[tei-council] xml-colon-thing

Thu Nov 11 21:06:46 EST 2004

> * ID/IDREF would stay exactly the same

Yes, it would, but that doesn't change my point. Software being
written to process P5 files as they are currently envisioned would
not have to know how to process ID/IDREF. If the "id= or xml:id="
proposal is implemented, such software would have to know how to do
this. Furthermore, software would have to be able to process
XPointers pointing to id=, XPointers pointing to xml:id=, IDREFs
pointing to id=, and IDREFs pointing to xml:id=. (The last of which
may present a bit of a problem when there's no DTD available.)

> * xml:id doesn't supply an xpointer so why would processors need to
> handle one?

Because that's how you point at one. Yes, I know xml:id= merely
supplies an ID and thus can be pointed at by IDREF, but you weren't
suggesting that, were you?

> * @lang doesn't point to <lang> but to <language> and would
> continue to do so

Right, sorry for the slip. But I think you may be missing my point,
because you say "would continue to do so" as if that were a good
thing, whereas my point was that it would continue to do so, and
that's a bad thing because software vendors would have to deal with
it.

> * @xml:lang if supplied can only provide an RF6 3066 code, so
>   doesnt need to point to anything -- my guess is that many people
>   who are fed up with having to supply a <language> element would
>   regard this as a big step forward!

Right. But again, my point is that software reading a P5 file would
need to be prepared to handle both lang= and xml:lang=, even in the
same document. The big step forward (not needing a <language>) is
available to P5 users whether or not we implement the "lang= OR
xml:lang=" proposal.

> depends what you think the right thing is. i think that handling
> id/idref is all that's involved, and there are hundreds of
> processors that do that

I don't understand. First, what software other than validators (which
don't actually *do* anything, really) and XSLT style-sheets (which, if
I understand correctly, will be quite easy to convert) handle
ID/IDREF of lang= and <language>? In my mind, the right thing is
going to be processing of the content in a manner that's dependent on
its language. E.g.m, speaking German passages in German; or different
coloring in printed output; or looking up a word in a
language-specific dictionary when it's clicked.

> > For xml:id=, I can't imagine that there won't be software to
> > perform instance conversion.
> Data conversion is always possible, of course. The aim here is to
> reduce the number of times it is *essential*.

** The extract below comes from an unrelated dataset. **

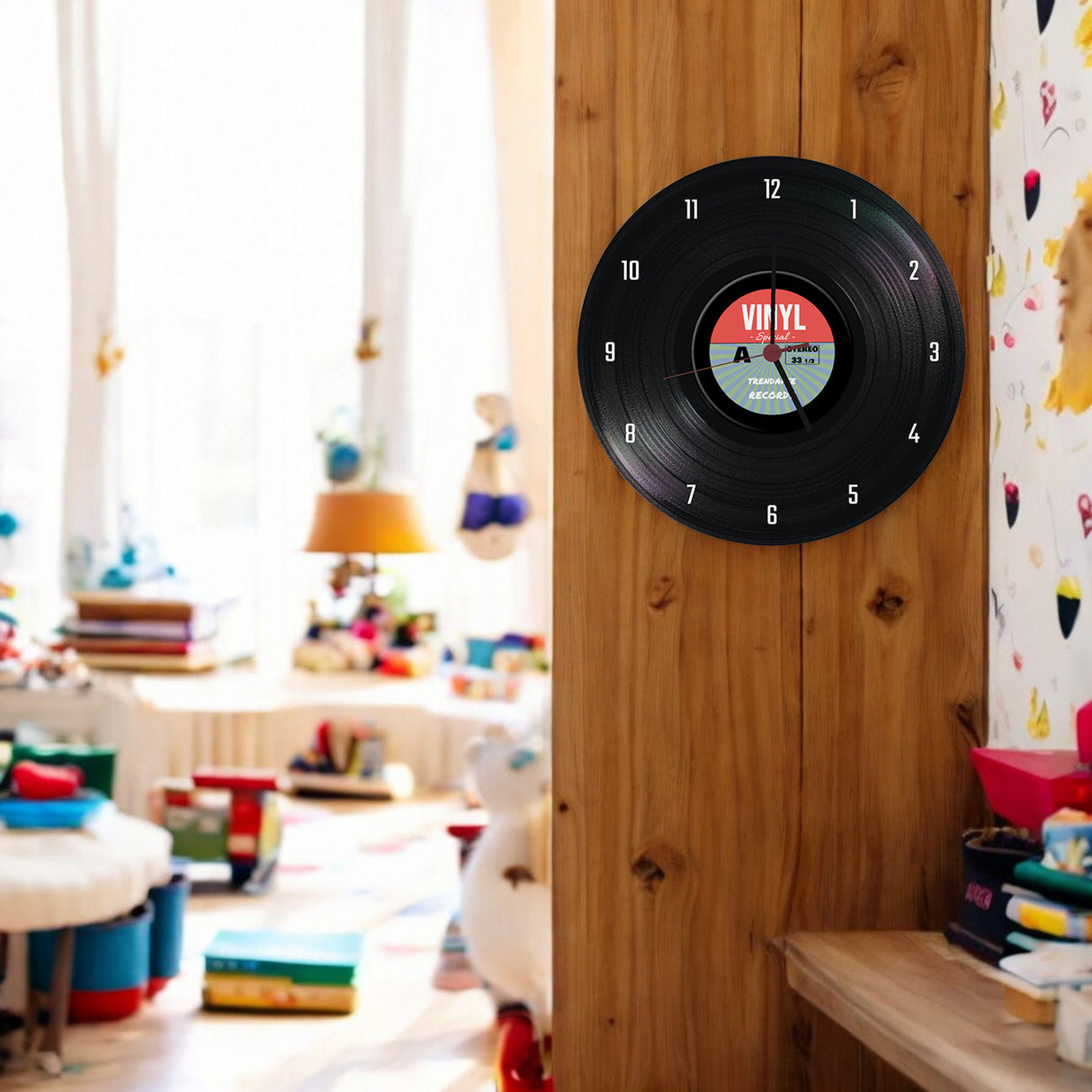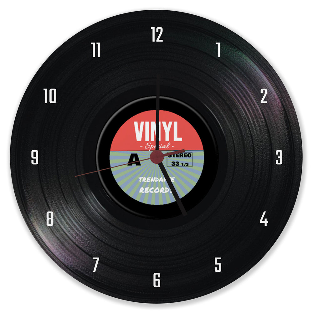 Kann deine Wand Vinyl? Unsere Wanduhr kann’s! Schmücke deine Wand mit dem Besten aus beiden Welten – zeitlosem Design und zeitgemäßer Funktionalität. Farbenfroh und kreisförmig, diese Schallplatte verpasst deinem Zuhause den Rhythmus der Nadel auf dem Tonträger, während die Zeiger der Uhr sanft über das bunte Label gleiten. Schlag zu, bevor die Zeit davonrockt!Im Rhythmus der Zeit – so könnte man die Retro Vinyl Special Schallplatten Wanduhr wohl nennen. Du bist auf der Suche nach etwas Außergewöhnlichem für deine Wand, das nicht nur die Zeit misst, sondern auch deine Leidenschaft für Musik und Retro-Flair zum Ausdruck bringt? Hier ist sie: Die Uhr, die in keinem musikalischen Haushalt fehlen sollte! Diese Wanduhr ist DER Hingucker in jeder Wohnung. Sie kombiniert die klassische Ästhetik einer Vinyl-Langspielplatte mit der Funktionalität einer robusten Uhr. Egal, ob du das Ticktack eines Metronoms imitieren möchtest oder einfach nur zeigen willst, dass dein Sinn für Stil genauso zeitlos ist wie die großen Hits der 60er und 70er – diese Uhr passt zu jedem Beat.Auf der Suche nach dem perfekten Geschenk für den Vinyl-Liebhaber in deinem Leben? Oder vielleicht für jemanden, der schon alles hat, aber sicher noch Platz für eine Prise Nostalgie an der Wand? Die Retro Vinyl Special Schallplatte Wanduhr ist wie ein Konzertticket zurück in die goldene Ära der Musik – und gleichzeitig ein praktisches Geschenk, das jede Sekunde im Blick behält. Überrasche deine Liebsten mit dieser Melodie aus Farben und Zeiten, und beobachte, wie ihr Zimmer im Takt der guten alten Zeiten schwingt!

I suspect you've misspoken here, in that this aim doesn't support
your position -- data conversion is essential in 100% of cases,
whether or not we go with the "id= OR xml:id=" proposal.

Perhaps what you meant was that the aim here is to reduce the number
of things that have to be changed or the number of steps in the
conversion process?

> > However, if this "choice of lang= or xml:lang= but not both"
> > proposal is not adopted, then those converting legacy data will
> > have to go about creating a look-up table that will convert their
> > local lang= values (which are by definition arbitrary IDREFs)
> > into xml:lang= values (which will be by definition RFC 3066 or
> > its successor language tags).
> No they won't. My proposal is exactly that they don't have to
> convert their instance data at all.

Right. The above quoted passage starts with "... is *not* adopted
..." (emphasis added). But that said, 100% of all P4 instances will
have to be converted. None will be valid P5 without some conversion.

> > The main problem I foresee pertains to people who have stretched
> > the meaning of "language" a wee bit, and have things like
> >   <eg lang="xml">
> > and
> >   <formula lang="TeX">
> > in their files.
> 
> This problem will raise its head in the <language> element
> indicated (of which there will, by definition, be only one
> instance). That has an ISO639 attribute which should give the
> intended correspondence, of course.

There is no ISO639 code for either XML or TeX. But now that I think
about it, if such people are willing to stretch the meaning of
"language", they probably won't mind (ab)using the private use tags
("x-") of 3066, and won't have much of a problem.